Basic Marinara Sauce Recipe

Basic Marinara Sauce Recipe

Are you a fan of hearty Italian cooking? Do you love pizza and pasta? Well we’re big fans of Italian cuisine and pizza and pasta are our favorites, specially those with marinara sauce!

Sure we have our favorite Italian restaurants both here and abroad. But nothing beats home cooking! And a bowl of spaghetti is comfort food at its best.

Pastas and pizza have 2 basic ingredients; dough in the form of noodles or crust, and sauce. So making it at home should be easy, specially since you can buy pasta, crust, and sauces dried, frozen, or bottled from any grocery store. But why settle for boxed sauces (or pasta or crust) when making it from scratch is so simple?

Ok maybe making pizza dough is a bit time consuming and so is making pasta, but the sauces, well that’s pretty easy! (If you want to make homemade pasta check out my review of the Philips Pasta Machine). Marinara

One of the easiest and most versatile sauces is Marinara Sauce. You can use it for pasta, think spaghetti marinara; pizza, think Margherita; sandwiches, think meatball subs; and as a dip, think fried mozzarella sticks!
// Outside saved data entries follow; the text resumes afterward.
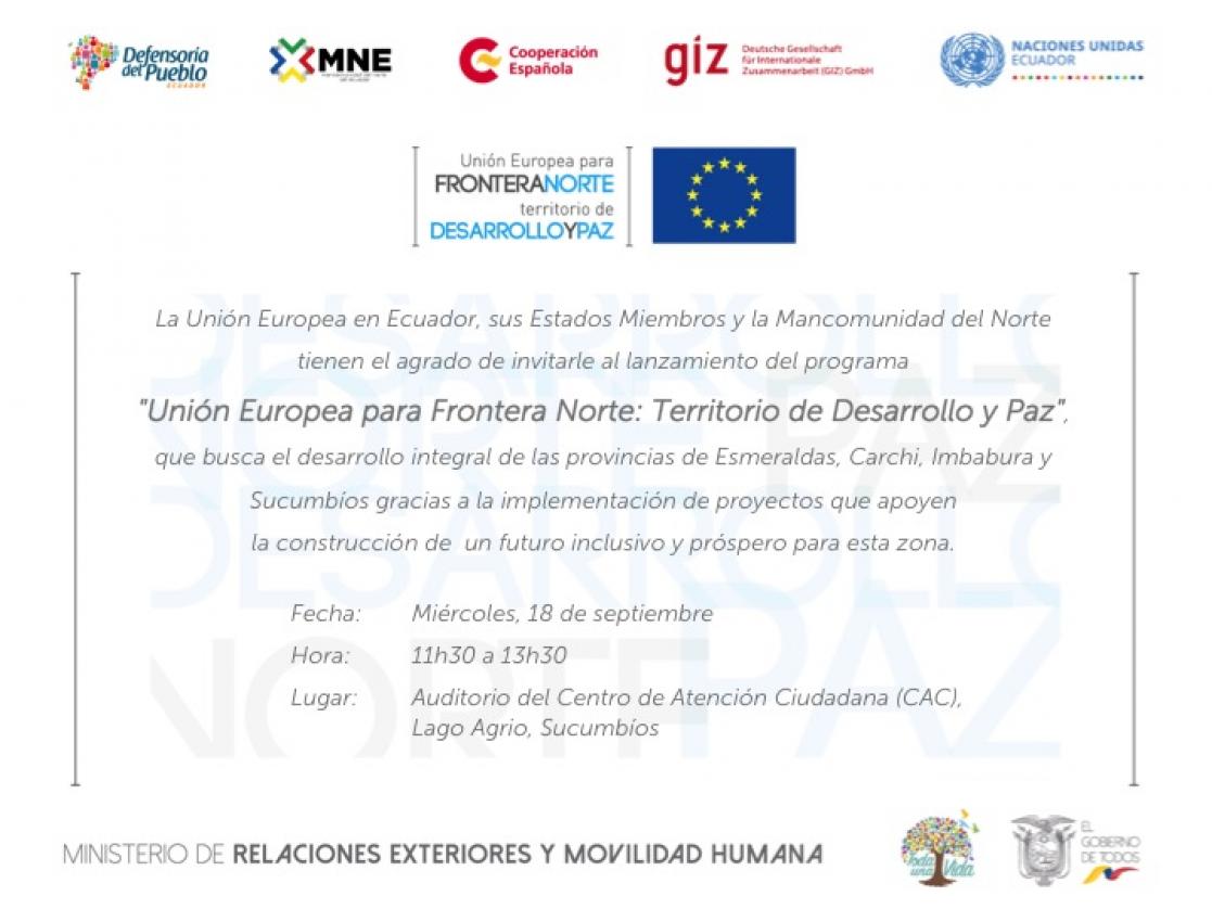La iniciativa “Unión Europea para Frontera Norte: Territorio de Desarrollo y Paz" se enfoca en las provincias de Esmeraldas, Carchi, Imbabura y Sucumbíos y engloba diversas iniciativas. Una de ellas es establecer el Sistema de Alerta y Respuesta Temprana (SART) de la Defensoría del Pueblo para salvaguardar los Derechos Humanos de la población más vulnerable, que será implementada por el Sistema de Naciones Unidas (liderado por ACNUR).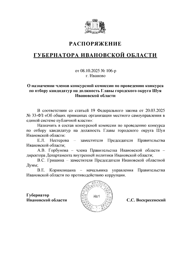 Распоряжение Губернатора Ивановской области от 08.10.2025 N 106-р "О назначении членов конкурсной комиссии по проведению конкурса по отбору кандидатур на должность Главы городского округа Шуя Ивановской области"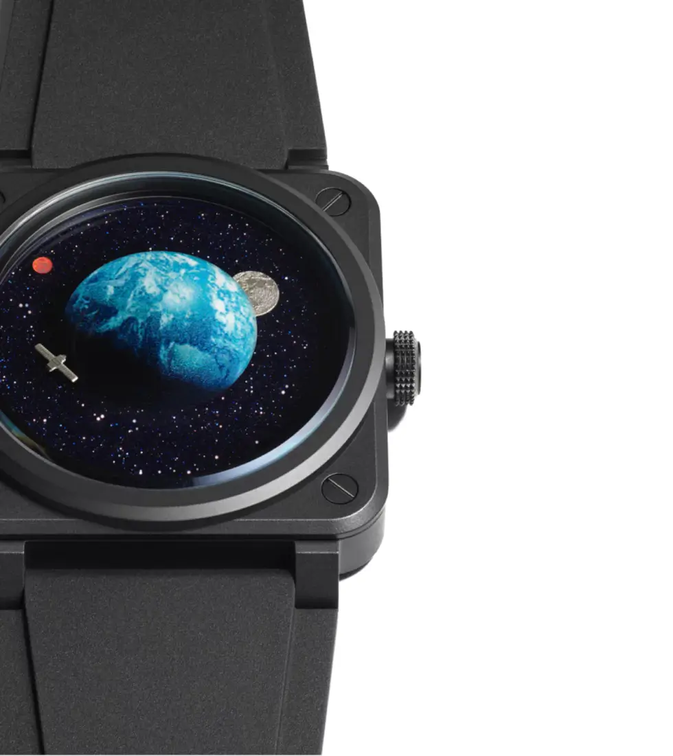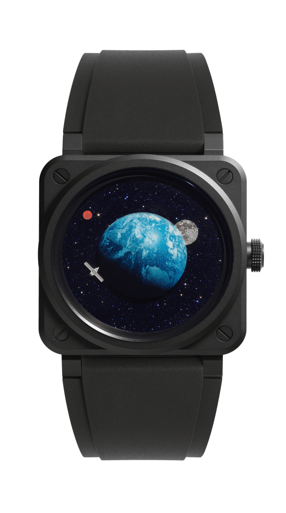 Instead of expressing it along these lines, the BR-03 Astro is opting for something equally spectacular. Against a dark backdrop speckled with stars is an image of the Earth. It is prominently at the center of the dial with three objects surrounding its periphery.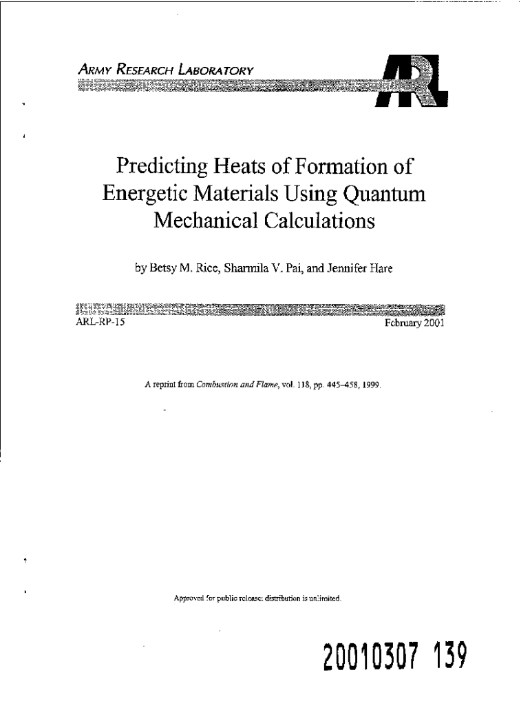 ARMY RESEARCH LABORATORYPredicting Heats of Formation of Energetic Materials Using Quantum Mechanical Calculations by Betsy M. Rice, Sharia V. Pie, and Jennifer HareARLRP15February 2001A reprint from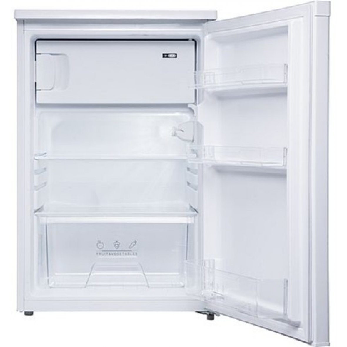 Fritstående Elvita køleskab med frostboks foroven. Det praktiske lille køleskab er 84,5 cm højt og 55,3 cm bred. Her får du 97 liter køl og 16 liter frys og køleskabet passer perfekt i den lille lejlighed og i sommerhuset.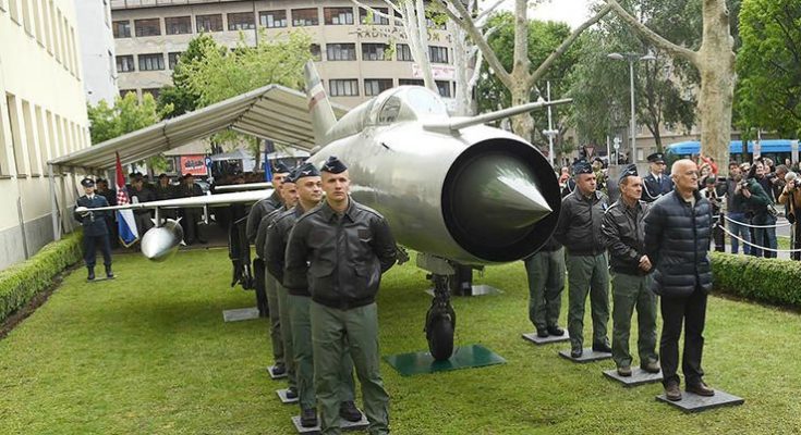 MiG 21 Rudija Perišina izložen ispred zgrade Ministarstva obrane/Foto:MORH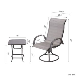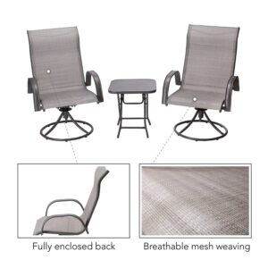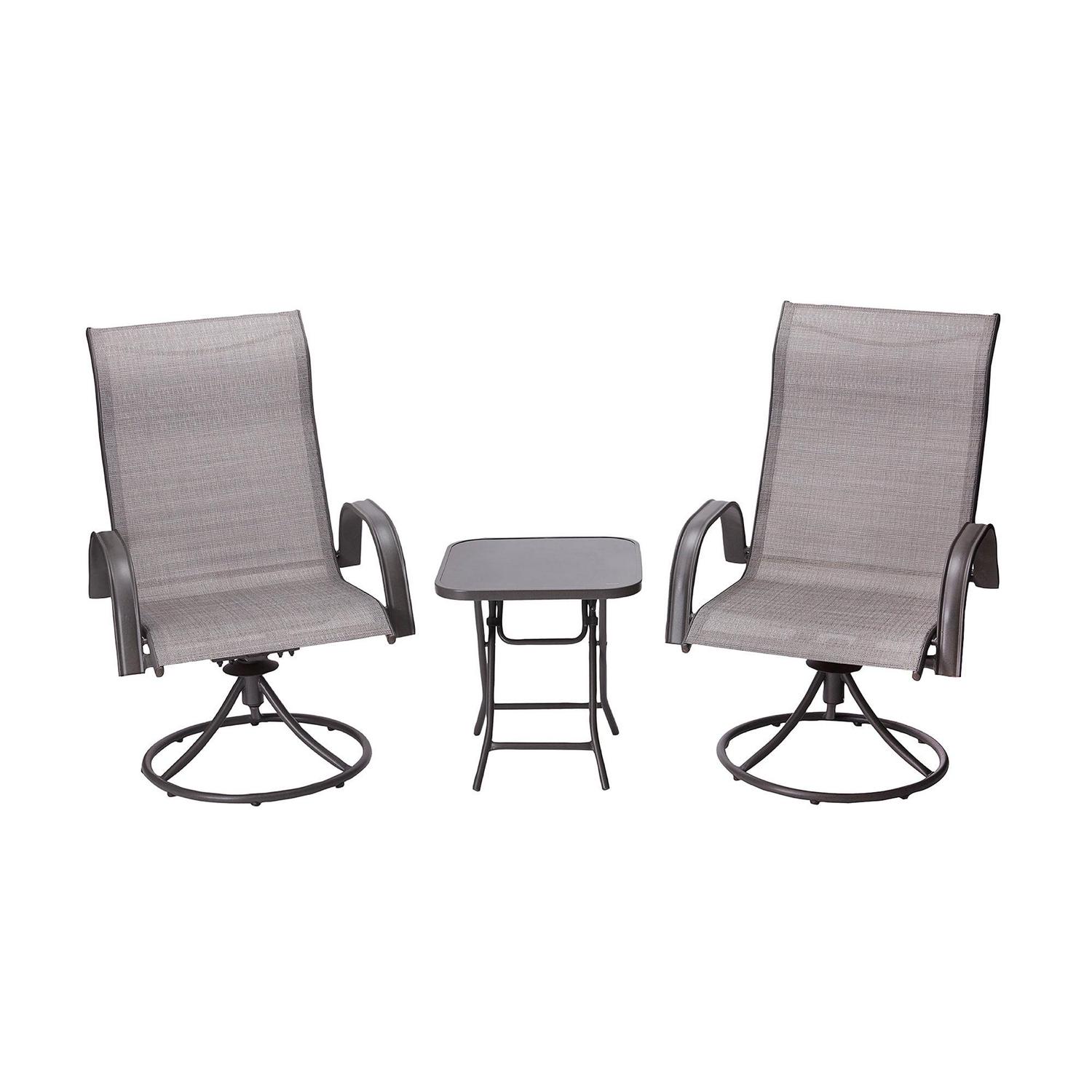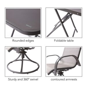 Teamson Home Indoor-Outdoor Furniture, 3-Piece Metal Bistro Set, 2 Textelene Swivel Chairs and 1 Foldable Table for Patio, Garden, Backyard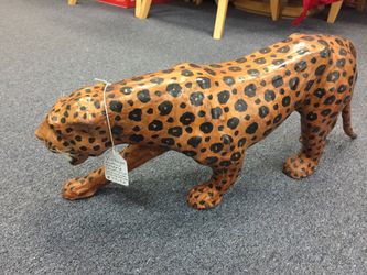 Vintage leather wrapped cheetah cat statue : large leopard figurine$99Orlando, FL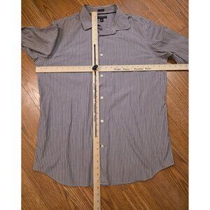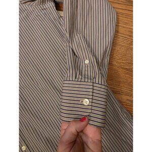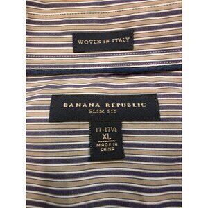 Banana Republic Button Up Shirt Mens XL 17-17.5 Purple Tan Stripes Cotton Slim

So today I’ll share my Basic Marinara Sauce Recipe. Believe me it’s super easy!
I use canned Fire Roasted diced tomatoes to give it that homemade taste. Sugar cuts the acidity of all those diced tomatoes so don’t leave it out even if you think it’s weird. And lastly I add some spice with crushed red peppers, yes, the the stuff you sprinkle on your pizza; you can add the tablespoon or more if you like spicy or omit it if you don’t.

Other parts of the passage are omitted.